▸ **What you should do**: The expected output is the full data, repeated exactly, without pictures.
Input data: Begin
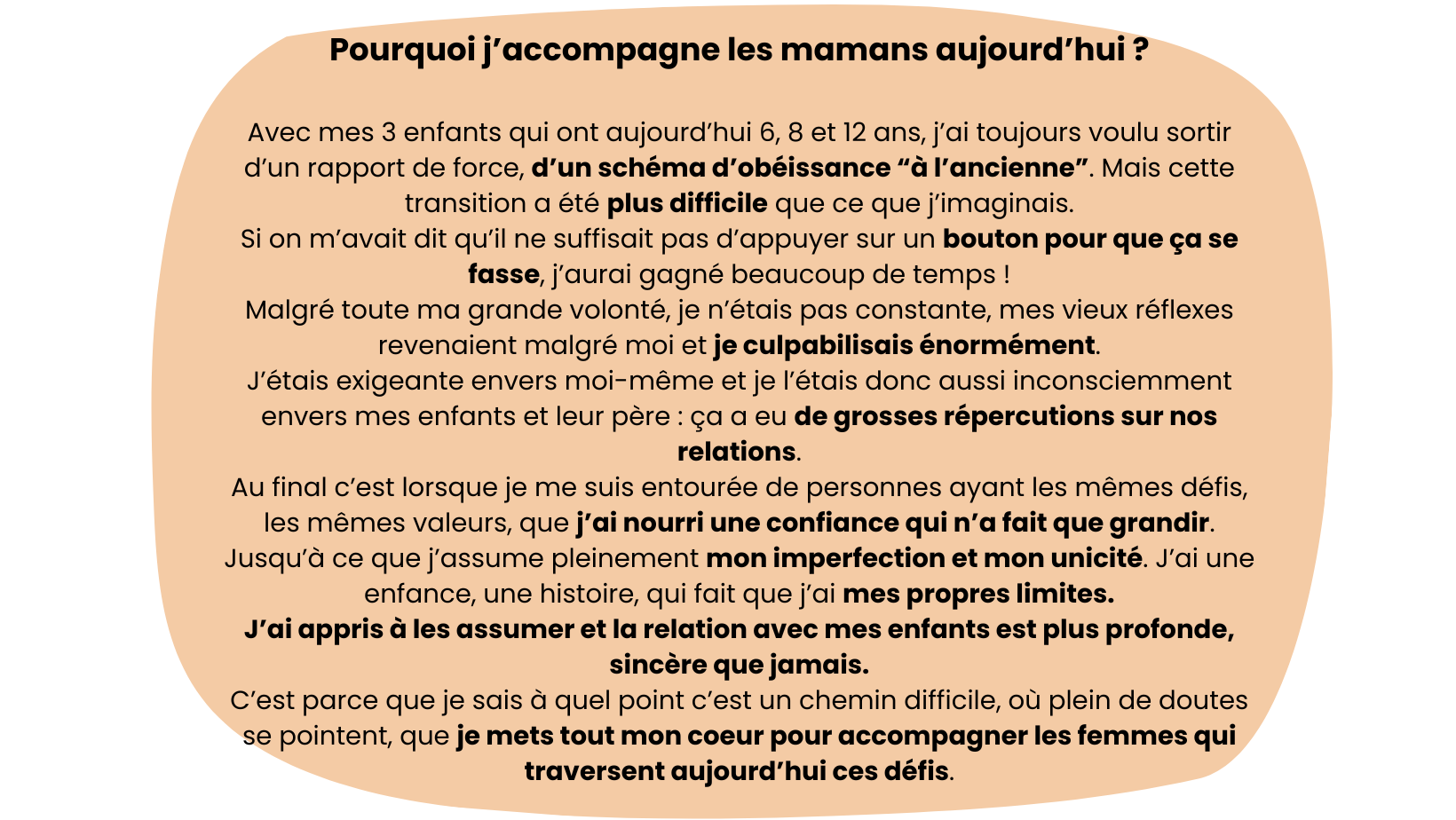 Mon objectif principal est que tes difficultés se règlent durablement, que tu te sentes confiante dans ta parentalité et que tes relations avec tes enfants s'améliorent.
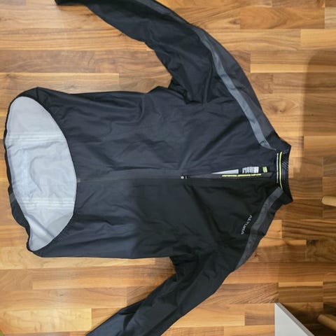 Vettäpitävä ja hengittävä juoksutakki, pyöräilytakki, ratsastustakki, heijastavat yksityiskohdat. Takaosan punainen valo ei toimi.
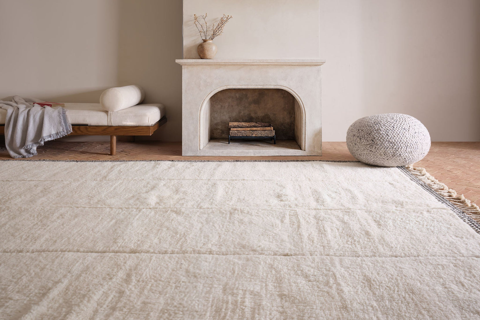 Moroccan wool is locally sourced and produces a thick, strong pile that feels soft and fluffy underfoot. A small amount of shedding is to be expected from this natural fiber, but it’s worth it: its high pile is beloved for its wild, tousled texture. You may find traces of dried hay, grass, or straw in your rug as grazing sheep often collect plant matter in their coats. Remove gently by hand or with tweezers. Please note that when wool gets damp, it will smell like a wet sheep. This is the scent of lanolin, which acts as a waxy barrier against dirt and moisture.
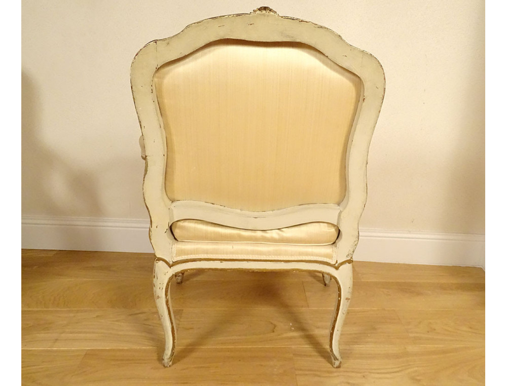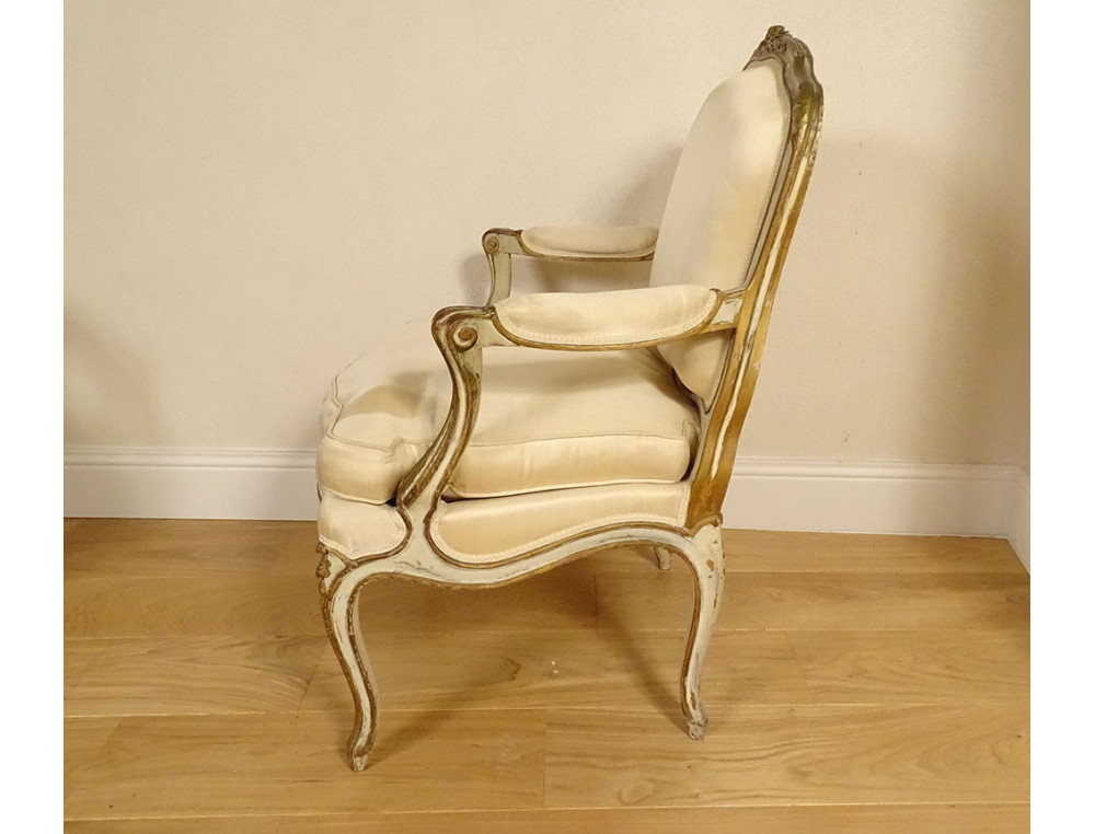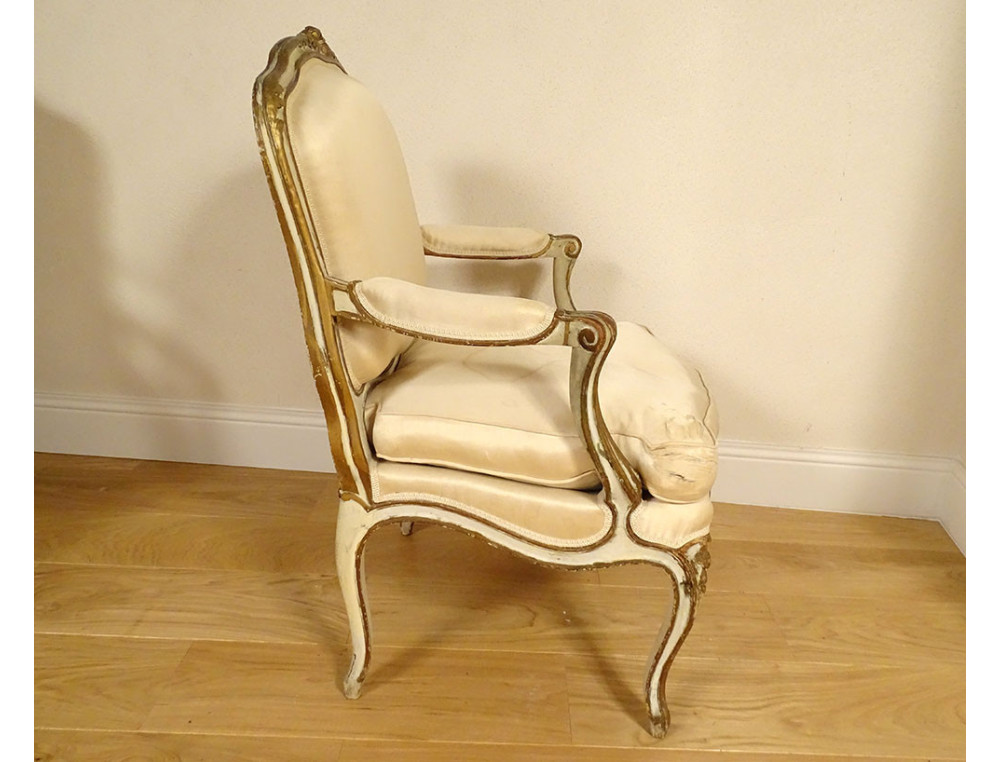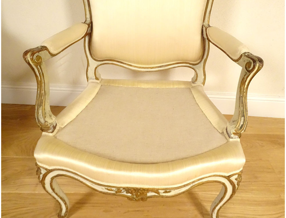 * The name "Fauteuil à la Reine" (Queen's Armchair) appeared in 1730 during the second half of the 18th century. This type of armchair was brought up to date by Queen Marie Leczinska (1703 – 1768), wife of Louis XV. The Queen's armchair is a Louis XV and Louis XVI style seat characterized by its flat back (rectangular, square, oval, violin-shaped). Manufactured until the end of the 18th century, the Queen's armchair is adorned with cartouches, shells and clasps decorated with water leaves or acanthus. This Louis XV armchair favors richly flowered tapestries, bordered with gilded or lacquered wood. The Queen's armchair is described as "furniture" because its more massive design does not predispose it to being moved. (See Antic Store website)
Input data: End
▸ **Solution to this task**:
 Mon objectif principal est que tes difficultés se règlent durablement, que tu te sentes confiante dans ta parentalité et que tes relations avec tes enfants s'améliorent.
 Vettäpitävä ja hengittävä juoksutakki, pyöräilytakki, ratsastustakki, heijastavat yksityiskohdat. Takaosan punainen valo ei toimi.
 Moroccan wool is locally sourced and produces a thick, strong pile that feels soft and fluffy underfoot. A small amount of shedding is to be expected from this natural fiber, but it’s worth it: its high pile is beloved for its wild, tousled texture. You may find traces of dried hay, grass, or straw in your rug as grazing sheep often collect plant matter in their coats. Remove gently by hand or with tweezers. Please note that when wool gets damp, it will smell like a wet sheep. This is the scent of lanolin, which acts as a waxy barrier against dirt and moisture.
 * The name "Fauteuil à la Reine" (Queen's Armchair) appeared in 1730 during the second half of the 18th century. This type of armchair was brought up to date by Queen Marie Leczinska (1703 – 1768), wife of Louis XV. The Queen's armchair is a Louis XV and Louis XVI style seat characterized by its flat back (rectangular, square, oval, violin-shaped). Manufactured until the end of the 18th century, the Queen's armchair is adorned with cartouches, shells and clasps decorated with water leaves or acanthus. This Louis XV armchair favors richly flowered tapestries, bordered with gilded or lacquered wood. The Queen's armchair is described as "furniture" because its more massive design does not predispose it to being moved. (See Antic Store website)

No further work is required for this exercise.